Director, Learning, Teaching & Curriculum, University of Wollongong, Australia
Date: 30 October, 2013 (Wednesday)
Time: 12:30pm – 2:00pm
Venue: Room 321, Run Run Shaw Building
Quality in teaching and learning is a key issue in Higher Education in Australia. Therefore it is important for institutions to be able to make the expectations they have for their students explicit and then assure that these expectations have been achieved. The question is how do we ensure that these attributes get developed during degree programs and how can evidence that can lead to continuous improvement be captured. The initial focus to achieve this has to be reviewing the curriculum and assessment design to make sure a holistic, integrated, collaborative and maintainable approach is being adopted to foster these expectations throughout the program. This approach is a cultural change for some academics and so in conjunction with curriculum design, leadership strategies to support change must also be adopted.
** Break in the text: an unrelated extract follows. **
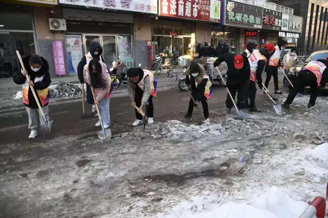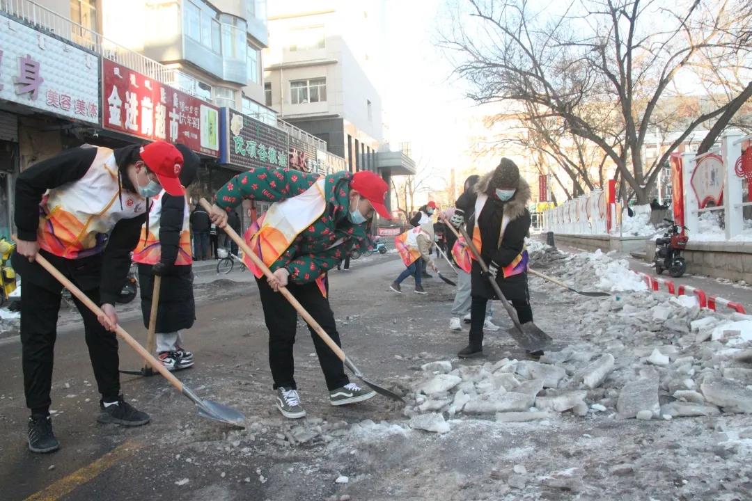 首页 » 工作动态 我院学生前往昭乌达社区 开展清雪活动 发布日期:2020-12-22 来源: 12月9日下午,我院学生党员及入党积极分子前往昭乌达社区,与我院合作共建党支部开展党建融合活动,对社区路面积雪进行了清扫。扫雪过程中,志愿者们干劲十足,不顾天寒路滑,分工明确,配合默契,有的负责铲雪,有的负责清运,呈现出一派热火朝天的场景。大家忙碌的身影在冬天早晨凛冽的寒风中构成了一道亮丽的风景线清雪过程持续近两个小时,经过大家的努力奋战,原本布满积雪的地面已被基本清扫干净,确保了车辆行人的交通安全。物理与智能制造工程学院2020年12月10日

This work is funded as part of an Australian Government Office for Learning and Teaching, National Teaching Fellowship.
About the speaker
Romy Lawson is the Director of Learning, Teaching & Curriculum at the University of Wollongong, having previously been the Associate Dean for Teaching & Learning at James Cook University and Teaching & Learning Coordinator at UTS Business School. Associate Professor Lawson has been actively involved in teaching and learning development in higher education for over 18 years in both the UK and Australia. Recently she led a National OLT Strategic Priority Project – Hunters & Gatherers: Strategies for Curriculum Mapping and Data Collection for Assurance of Learning. She has also been a team member for two other ALTC funded projects: Embedding Professionally Relevant Learning in Business Education; and Facilitating staff and student engagement with graduate attribute development, assessment and standards in Business Faculties. Her research has focused on constructive alignment in curriculum design; the effect of different assessment on student learning; curriculum mapping; leadership strategies for curriculum renewal; embedding professional learning in the curriculum; engaging staff and students with graduate attributes; and the impact of professional development on teaching.